> [Work instructions] Your reply should be the records below, duplicated exactly, with any picture removed.
----
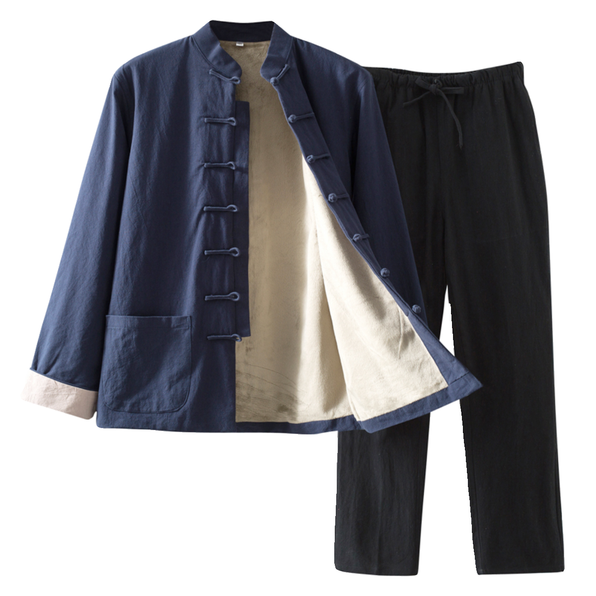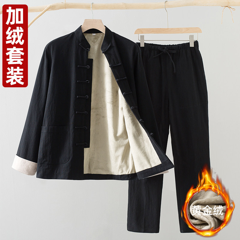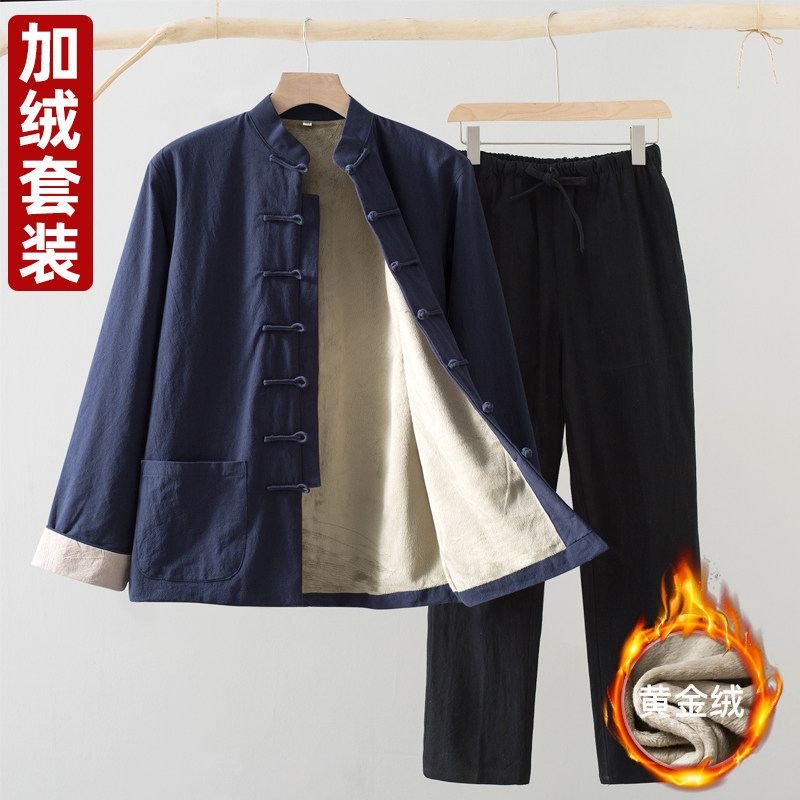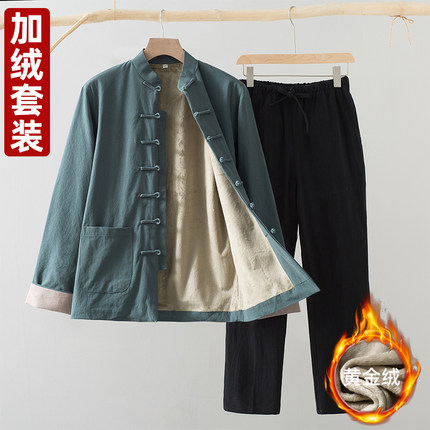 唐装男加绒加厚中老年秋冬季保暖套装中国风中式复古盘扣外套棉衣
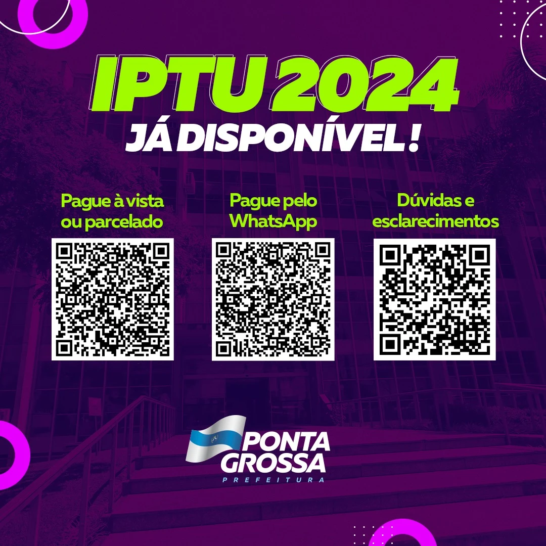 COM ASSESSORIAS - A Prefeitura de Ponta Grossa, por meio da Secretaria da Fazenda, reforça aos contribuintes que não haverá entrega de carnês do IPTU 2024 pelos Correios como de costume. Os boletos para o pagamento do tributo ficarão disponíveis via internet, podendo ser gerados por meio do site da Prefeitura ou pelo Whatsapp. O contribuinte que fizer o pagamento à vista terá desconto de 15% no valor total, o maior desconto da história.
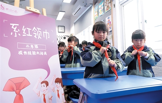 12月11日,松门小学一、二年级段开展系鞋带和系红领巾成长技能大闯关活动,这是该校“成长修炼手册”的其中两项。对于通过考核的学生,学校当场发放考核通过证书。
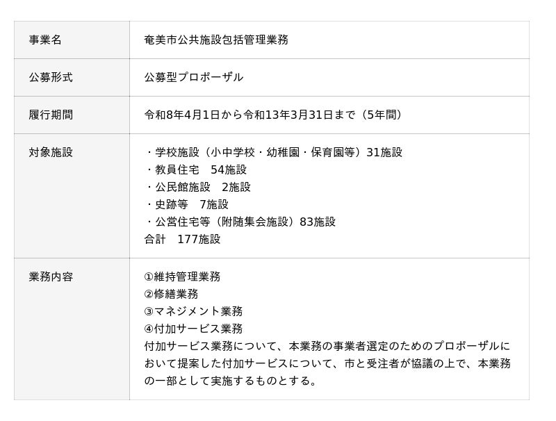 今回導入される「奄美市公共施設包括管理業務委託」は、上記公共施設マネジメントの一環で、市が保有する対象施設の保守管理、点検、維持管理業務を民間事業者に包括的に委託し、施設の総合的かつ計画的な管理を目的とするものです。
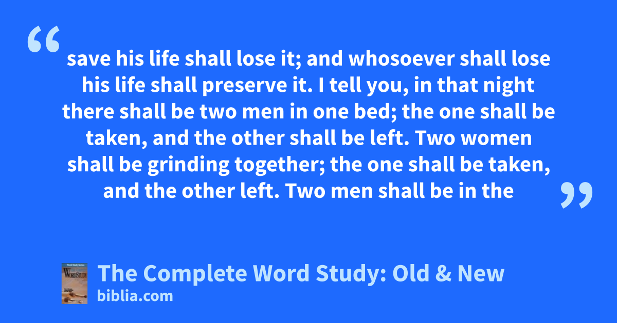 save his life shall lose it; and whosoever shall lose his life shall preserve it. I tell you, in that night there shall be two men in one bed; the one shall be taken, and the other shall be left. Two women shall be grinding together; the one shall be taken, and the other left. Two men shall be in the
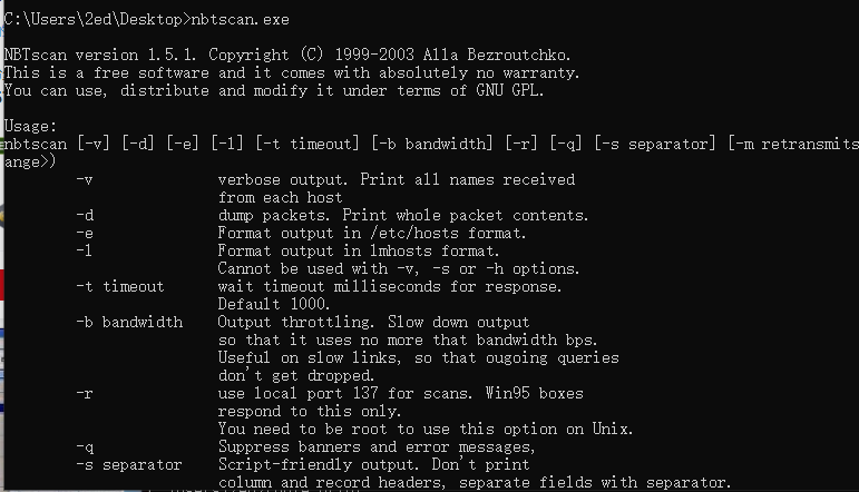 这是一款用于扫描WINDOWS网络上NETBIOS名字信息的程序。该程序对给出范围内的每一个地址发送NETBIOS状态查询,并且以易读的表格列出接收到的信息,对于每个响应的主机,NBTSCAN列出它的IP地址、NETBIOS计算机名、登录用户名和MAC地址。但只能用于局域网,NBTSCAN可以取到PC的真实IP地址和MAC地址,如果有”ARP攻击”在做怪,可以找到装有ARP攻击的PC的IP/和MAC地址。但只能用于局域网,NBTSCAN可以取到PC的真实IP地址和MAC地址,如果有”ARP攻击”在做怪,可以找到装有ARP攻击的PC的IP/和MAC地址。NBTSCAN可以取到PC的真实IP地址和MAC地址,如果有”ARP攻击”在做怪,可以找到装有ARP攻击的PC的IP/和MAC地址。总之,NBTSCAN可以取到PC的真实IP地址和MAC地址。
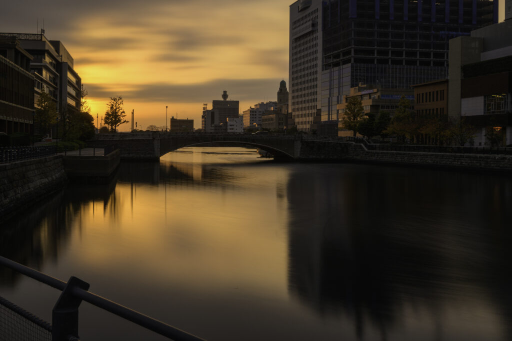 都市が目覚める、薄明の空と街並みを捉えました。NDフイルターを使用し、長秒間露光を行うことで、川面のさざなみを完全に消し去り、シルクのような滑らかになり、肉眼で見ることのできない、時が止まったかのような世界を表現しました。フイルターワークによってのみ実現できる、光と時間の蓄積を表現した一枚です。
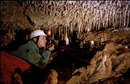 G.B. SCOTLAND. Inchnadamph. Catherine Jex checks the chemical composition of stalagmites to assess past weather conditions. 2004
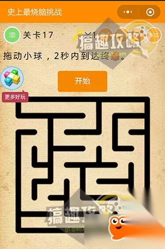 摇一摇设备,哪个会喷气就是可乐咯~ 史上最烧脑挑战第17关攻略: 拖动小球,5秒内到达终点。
----
> [Answer to this problem]
 唐装男加绒加厚中老年秋冬季保暖套装中国风中式复古盘扣外套棉衣
 COM ASSESSORIAS - A Prefeitura de Ponta Grossa, por meio da Secretaria da Fazenda, reforça aos contribuintes que não haverá entrega de carnês do IPTU 2024 pelos Correios como de costume. Os boletos para o pagamento do tributo ficarão disponíveis via internet, podendo ser gerados por meio do site da Prefeitura ou pelo Whatsapp. O contribuinte que fizer o pagamento à vista terá desconto de 15% no valor total, o maior desconto da história.
 12月11日,松门小学一、二年级段开展系鞋带和系红领巾成长技能大闯关活动,这是该校“成长修炼手册”的其中两项。对于通过考核的学生,学校当场发放考核通过证书。
 今回導入される「奄美市公共施設包括管理業務委託」は、上記公共施設マネジメントの一環で、市が保有する対象施設の保守管理、点検、維持管理業務を民間事業者に包括的に委託し、施設の総合的かつ計画的な管理を目的とするものです。
 save his life shall lose it; and whosoever shall lose his life shall preserve it. I tell you, in that night there shall be two men in one bed; the one shall be taken, and the other shall be left. Two women shall be grinding together; the one shall be taken, and the other left. Two men shall be in the
 这是一款用于扫描WINDOWS网络上NETBIOS名字信息的程序。该程序对给出范围内的每一个地址发送NETBIOS状态查询,并且以易读的表格列出接收到的信息,对于每个响应的主机,NBTSCAN列出它的IP地址、NETBIOS计算机名、登录用户名和MAC地址。但只能用于局域网,NBTSCAN可以取到PC的真实IP地址和MAC地址,如果有”ARP攻击”在做怪,可以找到装有ARP攻击的PC的IP/和MAC地址。但只能用于局域网,NBTSCAN可以取到PC的真实IP地址和MAC地址,如果有”ARP攻击”在做怪,可以找到装有ARP攻击的PC的IP/和MAC地址。NBTSCAN可以取到PC的真实IP地址和MAC地址,如果有”ARP攻击”在做怪,可以找到装有ARP攻击的PC的IP/和MAC地址。总之,NBTSCAN可以取到PC的真实IP地址和MAC地址。
 都市が目覚める、薄明の空と街並みを捉えました。NDフイルターを使用し、長秒間露光を行うことで、川面のさざなみを完全に消し去り、シルクのような滑らかになり、肉眼で見ることのできない、時が止まったかのような世界を表現しました。フイルターワークによってのみ実現できる、光と時間の蓄積を表現した一枚です。
 G.B. SCOTLAND. Inchnadamph. Catherine Jex checks the chemical composition of stalagmites to assess past weather conditions. 2004
 摇一摇设备,哪个会喷气就是可乐咯~ 史上最烧脑挑战第17关攻略: 拖动小球,5秒内到达终点。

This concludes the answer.